Delação da Odebrecht na Lava Jato é freada por desacordo com EUA

Compensação total que a Odebrecht pagará está em disputa entre Washington e Brasília sobre como será distribuída

Ex-presidente Luiz Inácio Lula da SilvaEx-presidente Luiz Inácio Lula da Silva - Foto: Reprodução/YouTube

A delação em massa de executivos do grupo Odebrecht por sua atuação na rede de corrupção da Petrobras, investigada na Operação Lava Jato, está travada por divergências sobre a multa que deve ser paga nos Estados Unidos, onde a empresa também é investigada.

"Está tudo pronto, mas apareceram entraves sobre a multa a ser paga nos Estados Unidos e isso está atrasando o fechamento do acordo. Provavelmente deve ser reaberto a partir de segunda-feira (28), porque hoje [quinta-feira, 24] é feriado nos Estados Unidos", disse à AFP uma fonte com acesso às negociações.

A compensação total que a Odebrecht pagará "gira em torno de 2,5 bilhões de dólares" pelas infrações cometidas às leis de Brasil, Estados Unidos, Suíça e existe uma disputa entre Washington e Brasília sobre como será distribuída, acrescentou.

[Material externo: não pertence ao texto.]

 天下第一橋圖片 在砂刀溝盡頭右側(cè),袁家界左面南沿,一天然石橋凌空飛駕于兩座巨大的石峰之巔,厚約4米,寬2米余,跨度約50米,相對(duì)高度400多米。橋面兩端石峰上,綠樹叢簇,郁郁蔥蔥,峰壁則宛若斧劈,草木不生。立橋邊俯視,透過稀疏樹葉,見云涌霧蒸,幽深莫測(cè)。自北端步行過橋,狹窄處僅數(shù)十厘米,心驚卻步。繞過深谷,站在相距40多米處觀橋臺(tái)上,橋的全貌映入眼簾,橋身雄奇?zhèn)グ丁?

A esperada confissão de mais de 70 funcionários do grupo de engenharia, em troca da redução de suas penas, é um barril de pólvora para o mundo político brasileiro, pois espalhará acusações sobre 200 pessoas, incluindo políticos de quase todo o espectro político, governadores e altos funcionários, segundo a imprensa.

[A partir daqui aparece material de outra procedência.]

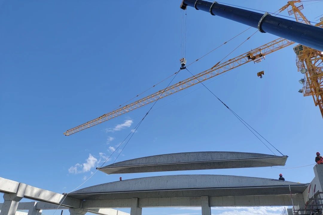 9月25日,肇東市城市供水工程項目凈水間預應力屋面拱板起重吊裝完成。...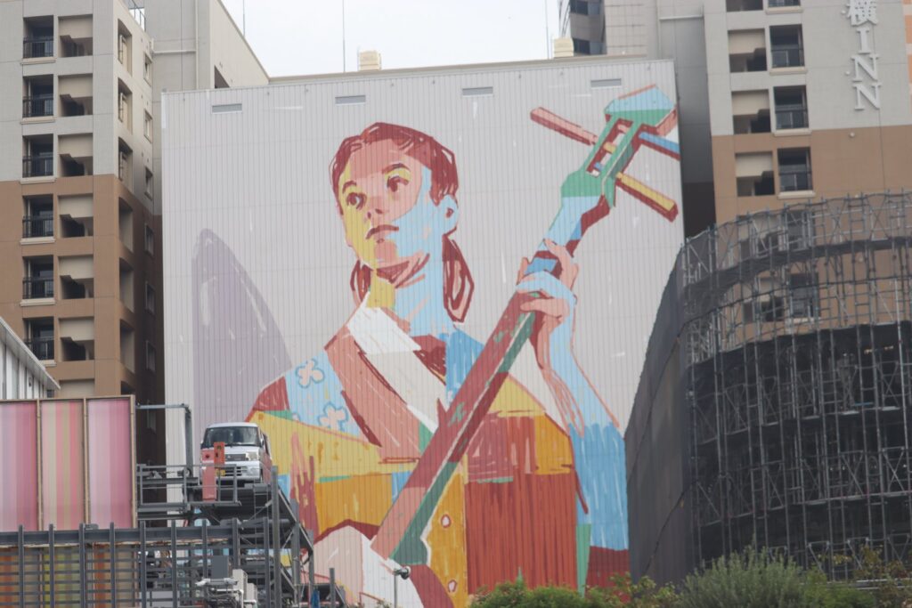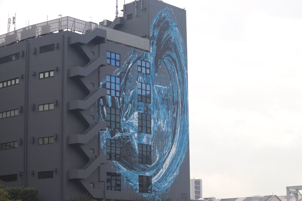 この壁画、何というのだろうと調べてみたら、現代アーティスト山口歴 氏が描いた「OUT OF BOUNDS」という作品で、描かれているビルは寺田倉庫T33ビルのようです。

O iminente fechamento do acordo alarmou o Congresso Nacional.

Com mais de 50 deputados investigados pela 'Lava Jato', a Câmara cogita aprovar um emenda que permita uma anistia de crimes ligados ao Caixa 2 - doações não declaradas diante da justiça eleitoral - que costumam usar para lavagem de dinheiro.

A Odebrecht, que chegou a ser uma das maiores construturas da América Latina, era um agente financeiro importante para muitos políticos, segundo a investigação que revelou o escândalo de corrupção que deixou um rombo de mais de 2 bilhões de dólares na estatal.

Seu ex-presidente, Marcelo Odebrecht, considerado um dos empresários mais influentes, está preso há 16 meses em Curitiba, onde cumpre pena de mais de 19 anos por integrar uma organização criminosa e cometer os crimes de corrupção e lavagem de dinheiro.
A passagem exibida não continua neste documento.